> _Information_
-- Opening Marker --
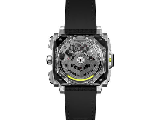 この効果に加えて、ケースバックは全面にサファイアクリスタルが使われており、何にも遮られることなく「キャリバーTH81-00」の雄姿を堪能できます。シグネチャーのタグ・ホイヤー シールドの形をしたローターが、ムーブメントの中で浮かんでいるかのような印象を与え、奥行き感と軽やかさを強調しています。完璧な対称性を備えたこのローターは、輪郭を際立たせるサテン仕上げが手作業で施されています。また、タグ・ホイヤーの象徴であるチェッカーフラッグパターンが手作業で刻まれており、この装飾がムーブメント内部の複雑な構造に新たな視覚的レイヤーをプラスし、緻密なディテールを際立たせています。 また、レーシングカーのカラーリングにさりげなく捧げるオマージュとして、このタイムピースに明確なグラフィックアイデンティティをもたらしているのが、ハンドペイントのストライプ。隣接するテンプブリッジにはサテン仕上げだけでなく、手作業で丁寧にポリッシュ仕上げされた面取りが施され、技術的な精度と熟練のクラフツマンシップとの間で静かに対話を繰り広げています。 ローターにそれぞれのシリアルナンバーが刻印されたこのタイムピースには、チタン製バックルでテキスタイルパターンが施されたハンドステッチのブラックカーフストラップが組み合わされています。 「タグ・ホイヤー モナコ スプリットセコンド クロノグラフ」の最終的な仕上がりには、タグ・ホイヤーのアヴァンギャルドなDNA、そして既成概念を受け入れることを拒み、物事をよりと生き生きと、時代や環境の変化に柔軟に対応しながら表現力豊かに再構築するブランドの姿勢が反映されています。
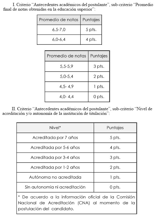 III. a) Criterio "Antecedentes académicos del postulante", sub-criterios "Pertinencia de la formación superior respecto del programa de estudios al que postula" (incluyendo variante que considera "la(s) pasantía(s) de su(s) última(s) beca(s)"), "Presencia, calidad y pertinencia de la articulación formativa y/o educación continua del postulante" y "Presencia, calidad y pertinencia de reconocimientos de tipo académico".
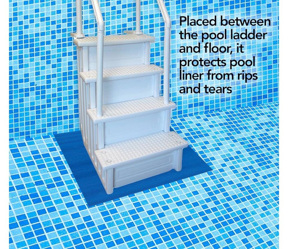 POOL LINER PROTECTION: Placed on the pool floor between the ladder footing and the pool liner, our non-slip pad protects the liner from damage while providing a more stable footing when entering or exiting the pool QUALITY THAT MEASURES UP: Our 36 inch x 36 inch, 0.125 inch thick, powder blue swimming pool ladder mat with v-grooved rubber surface provides safety, comfort, and durability for above ground pools STORES EASY: Made of soft, vinyl resin it is flexible for easy storage, trimmable for custom fitting, and holds up to chlorine ECO-FRIENDLY MATERIAL: Our products use as much recycled materials as we can to maintain product quality so you can be sure that we are caring for the environment; Does not contain any Prop 65 regulated contaminants
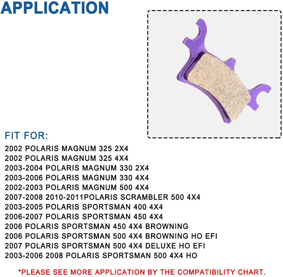 • وسادات فرامل ممتازة لدراجتك النارية أو ATV: وسادات الفرامل مناسبة لـ Magnum 330 2003-200، Scrambler 500 2005-2012، Sportsman 400 2003-2005، Sportsman 450 2006 2007، Sportsman 500 HO 2003-2008، Sportsman 500 X2 2006-2008، رياضي 600 2003-2005، رياضي 700 2002-2007، رياضي 800 2005-2009، تريل بليزر 250 2005 2006، تريل بليزر 330 2008-2013، تريل بوس 330 2005-2013.
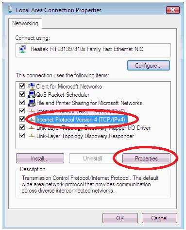 - Once you have clicked on the “Properties” button you will be presented by the following window. Left click on the “Internet Protocol Version 4(TCP/IPv4)” option then left click the “Properties” button.
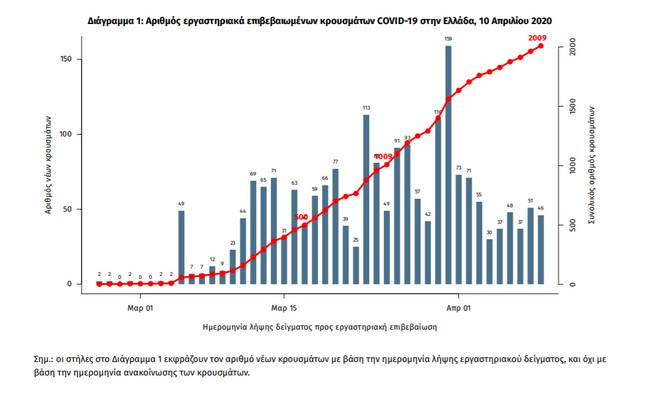 Σύμφωνα με την έκθεση τα νέα επιβεβαιωμένα εργαστηριακά κρούσματα της νόσου είναι 54 και ο συνολικός αριθμός των κρουσμάτων ανέρχεται σε 2.009 (ημερήσια μεταβολή +2.8%), εκ των οποίων 57.1% άνδρες. Να επισημάνουμε χθες ότι ο κ. Σωτήρης Τσιόδρας κατά την ενημέρωση ανέφερε δύο επιπλέον με τα συνολικά να ανέρχονται στα 2011, 124 εκ των οποίων ε΄χουν εντοπίστει στο πλοίο Ελ. Βενιζέλος.
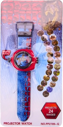 Linksmų vaikų elektroninių laikrodžių su integruotu dinozaurų projektoriumi rinkinys siūlo 24 skaidres projekcijai, paprastą valdymą mygtuku, patogų platų dirželį ir baterijas pakuotėje. Atitinka CE ir EN71 ir tinka nuo 3 metų.
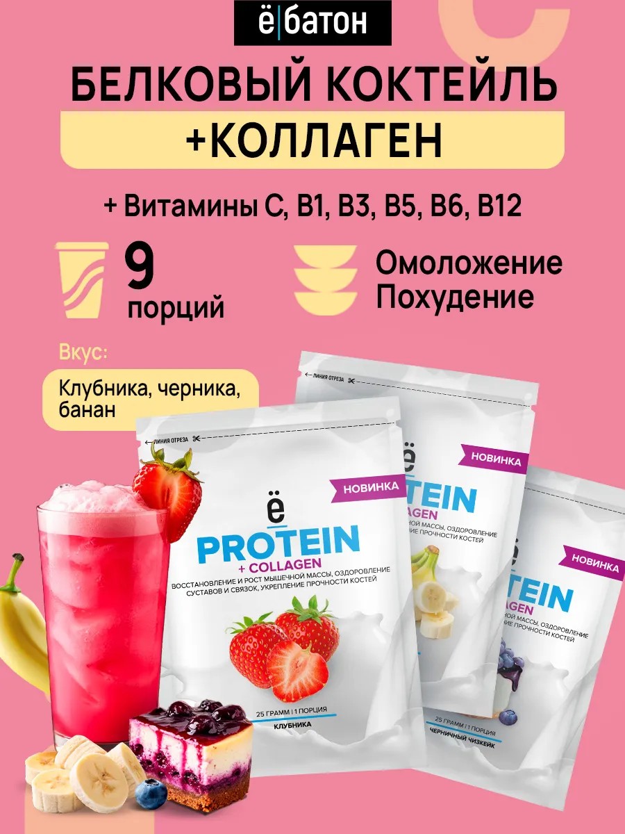 Protein Shake + Collagen, with flavors (banana, blueberry cheesecake, strawberry) 9 packets of 25 g. A complex of protein shake + Collagen: A modern format for maintaining health and shaping a beautiful figure, in the form of a low-calorie and nutritious snack. Two products essential for a healthy and energetic life in one go. Protein shake - nourishes muscles and restores them after training. Collagen - maintains the beauty and youth of the body and is responsible for skin turgor, the aesthetic appearance of nails and hair, joint strength, ligament elasticity, metabolism and liver function. The product is recommended as an additional source of protein to the main diet to optimize nutrition with a balanced diet, a healthy lifestyle and for better recovery after physical activity. Recommendations: for maximum effect, take one serving (contents of one packet) of the product up to three times a day between meals or in accordance with your individual nutrition program.
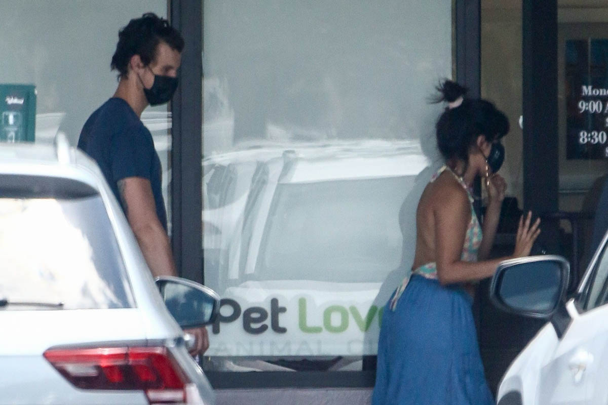 Shawn Mendes and Camila Cabello are currently at home in Florida where her family is based. They were photographed picking up their puppy, Tarzan, from the vet today.
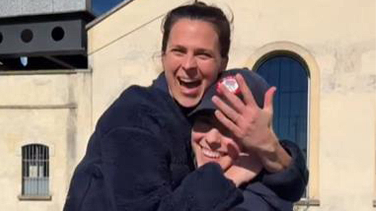 ▲ 동성 커플인 미국 여자 아이스하키 대표팀 주장 힐러리 나이트(오른쪽)와 미국 스피드스케이팅 여자 국가대표 브리트니 보가 2026 밀라노·코르티나담페초 동계 올림픽 현장에서 약혼반지를 끼고 환하게 웃고 있다.
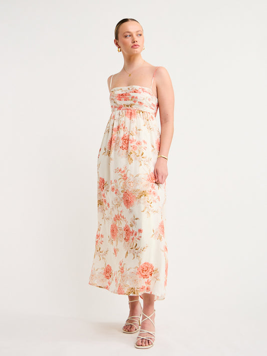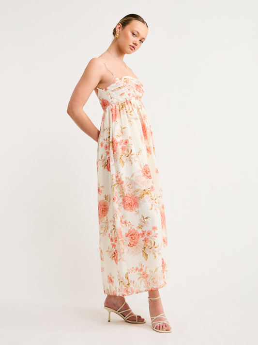 Sofia The Label Mila Babydoll Midi Dress in Rose White
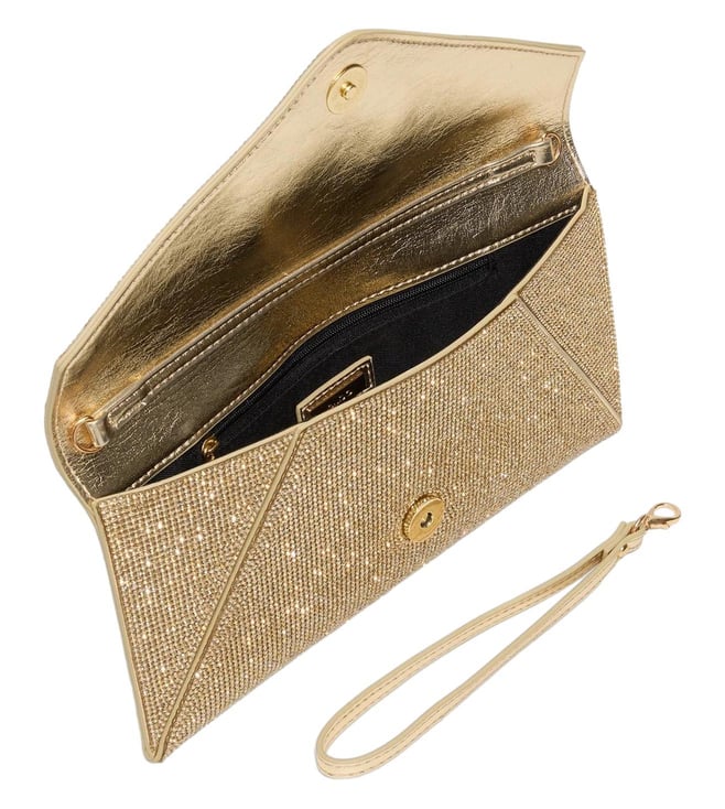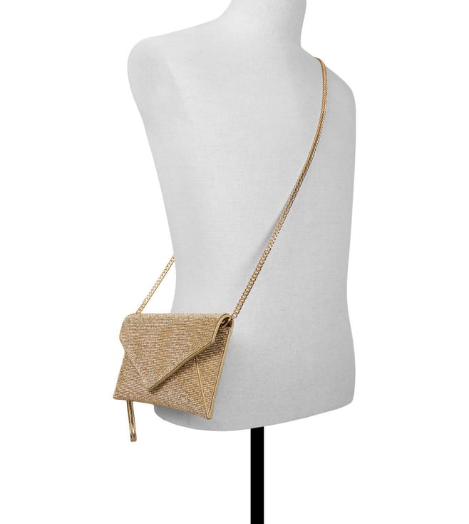 Introducing the KELCHI clutch by ALDO, crafted from premium synthetic in a stylish golden finish. Designed with removable chain strap and wristlet, this bag offers both elegance and practicality. Ideal for casual outings, it's perfect for modern women who value both style and function.
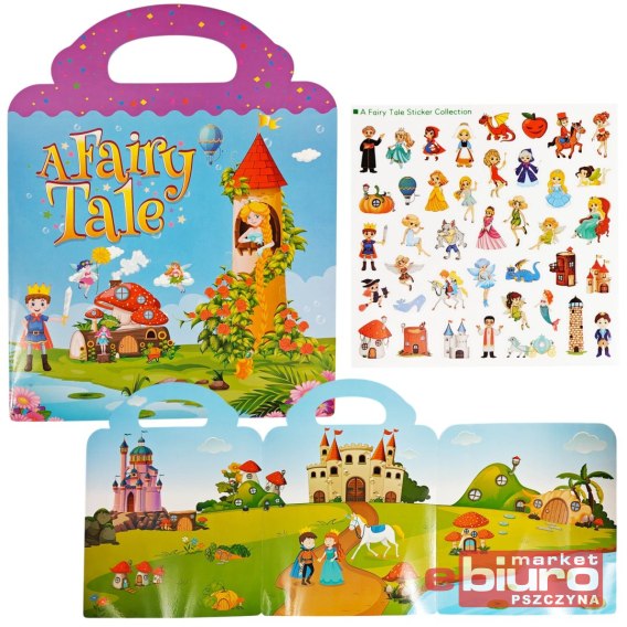 Książeczka z naklejkami różnych postaci oraz akcesoriów występujących w bajkach, do wyklejenia w środku.
-- Closing Marker --
> _Aim of the exercise_
All that is needed is the lines from the line holding "Shawn Mendes and" to the final line of the listing above, repeated exactly, pictures excluded.

> _Answer section_
 Shawn Mendes and Camila Cabello are currently at home in Florida where her family is based. They were photographed picking up their puppy, Tarzan, from the vet today.
 ▲ 동성 커플인 미국 여자 아이스하키 대표팀 주장 힐러리 나이트(오른쪽)와 미국 스피드스케이팅 여자 국가대표 브리트니 보가 2026 밀라노·코르티나담페초 동계 올림픽 현장에서 약혼반지를 끼고 환하게 웃고 있다.
 Sofia The Label Mila Babydoll Midi Dress in Rose White
 Introducing the KELCHI clutch by ALDO, crafted from premium synthetic in a stylish golden finish. Designed with removable chain strap and wristlet, this bag offers both elegance and practicality. Ideal for casual outings, it's perfect for modern women who value both style and function.
 Książeczka z naklejkami różnych postaci oraz akcesoriów występujących w bajkach, do wyklejenia w środku.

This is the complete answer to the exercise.